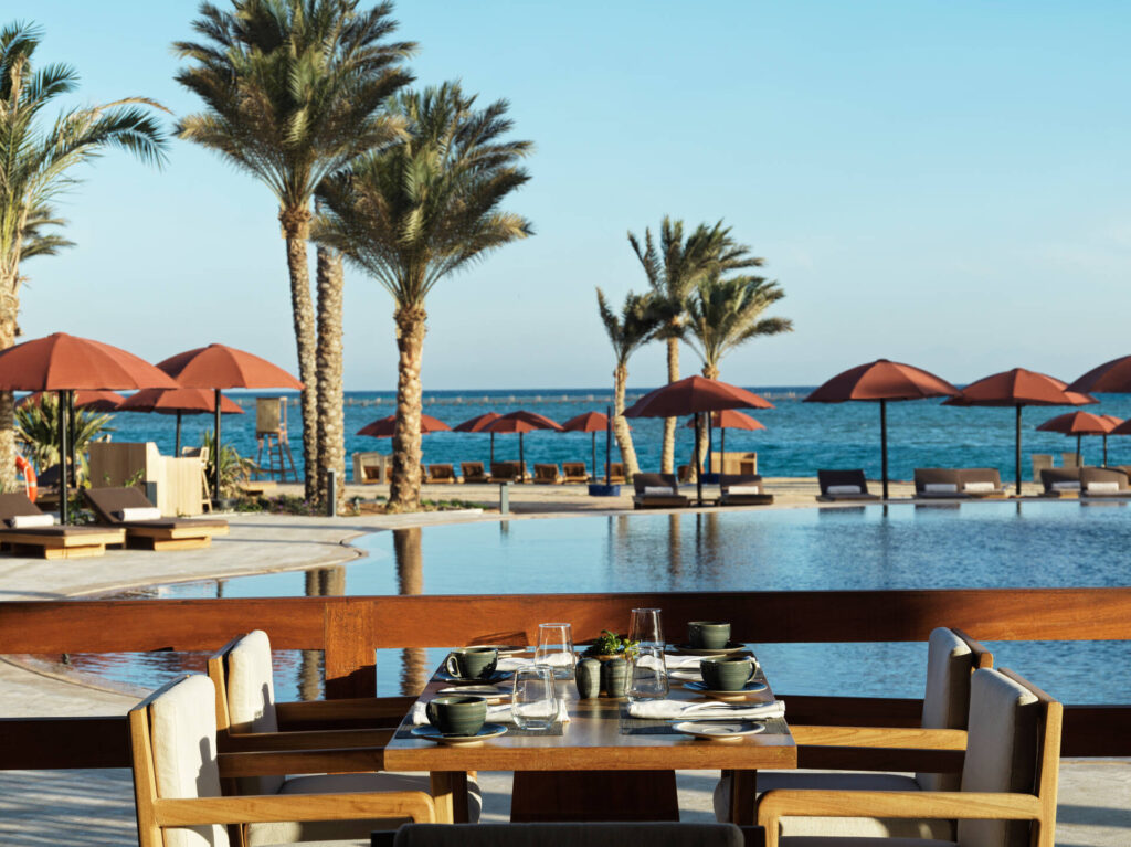 Restaurants und Lounges verbinden Produkte mit mediterraner Leichtigkeit und Akzenten. Patisserie begleitet den Tag, abends tragen Weine und Cocktails Gespräche. Terrassen liegen am Wasser, Abende färben die Tische am Roten Meer gold,
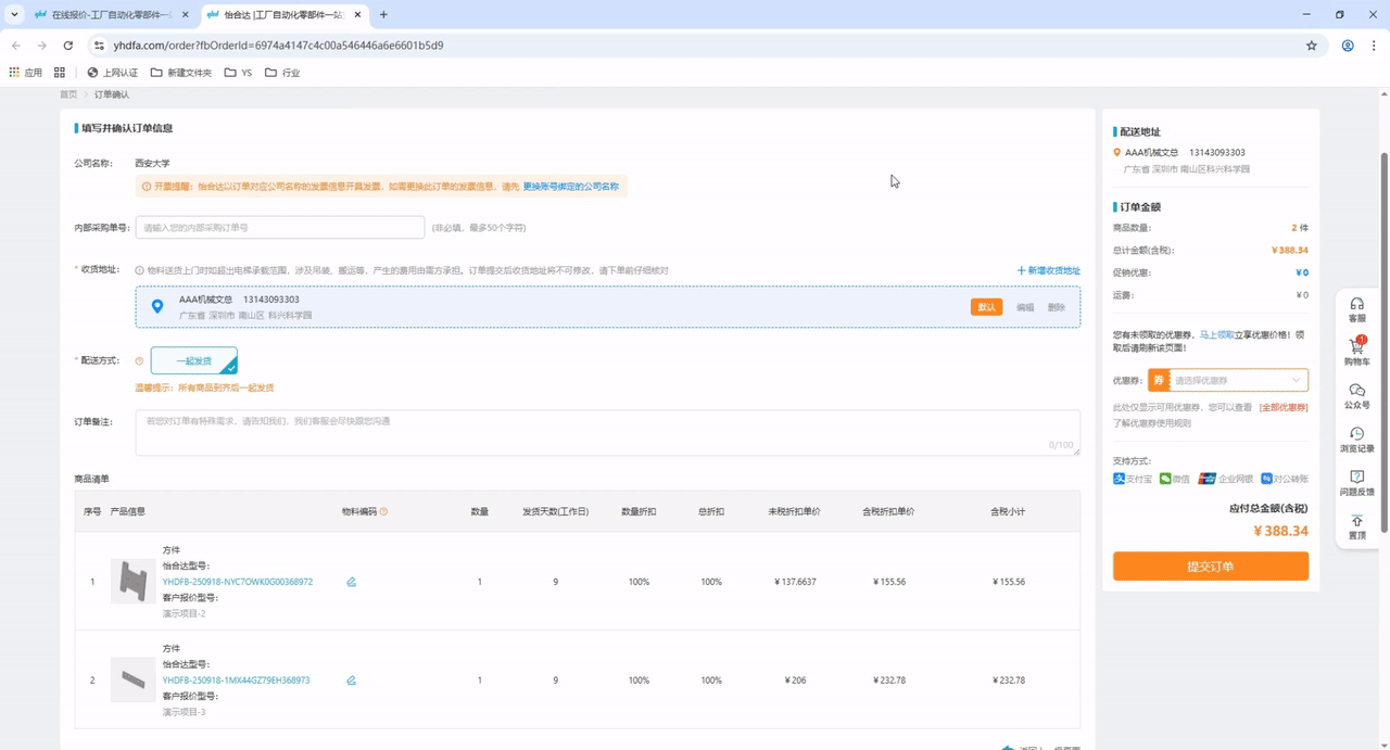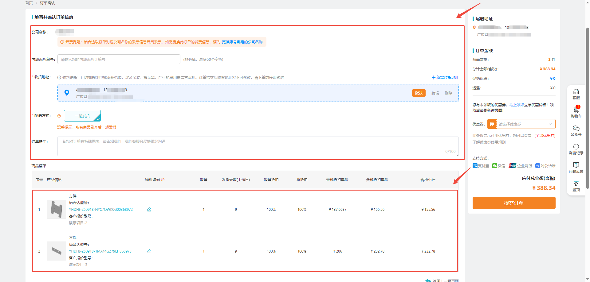 3、确认无误点击“提交订单”,选择支付方式完成付款
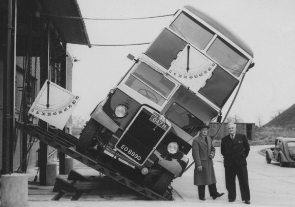 Teste de inclinação dum Leyland Titan levado a cabo em 1949 na fábrica de Chiswick da London Transport Executive (autoridade de transportes londrina). O autocarro é idêntico aos primeiros dois de dois pisos comprados pela Carris em Junho de 47. Os cavalheiros que se punham a jeito de apanhar com o autocarro, caso tombasse, eram o chefe de serviço da Park Royal Vehicles, sr. Guilherme Davis, e provavelmente o inspector do Ministério dos Transportes (o sr. de chapéu).
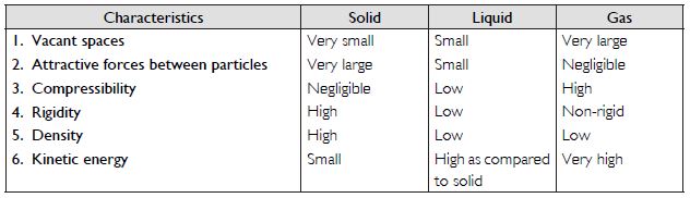 (a) Tabulate the differences in the characteristics of states of matter.

- - -

Please print the data above in its entirety, exactly, but without any picture.

▶ **WRITTEN RESPONSE**:
 Restaurants und Lounges verbinden Produkte mit mediterraner Leichtigkeit und Akzenten. Patisserie begleitet den Tag, abends tragen Weine und Cocktails Gespräche. Terrassen liegen am Wasser, Abende färben die Tische am Roten Meer gold,
 3、确认无误点击“提交订单”,选择支付方式完成付款
 Teste de inclinação dum Leyland Titan levado a cabo em 1949 na fábrica de Chiswick da London Transport Executive (autoridade de transportes londrina). O autocarro é idêntico aos primeiros dois de dois pisos comprados pela Carris em Junho de 47. Os cavalheiros que se punham a jeito de apanhar com o autocarro, caso tombasse, eram o chefe de serviço da Park Royal Vehicles, sr. Guilherme Davis, e provavelmente o inspector do Ministério dos Transportes (o sr. de chapéu).
 (a) Tabulate the differences in the characteristics of states of matter.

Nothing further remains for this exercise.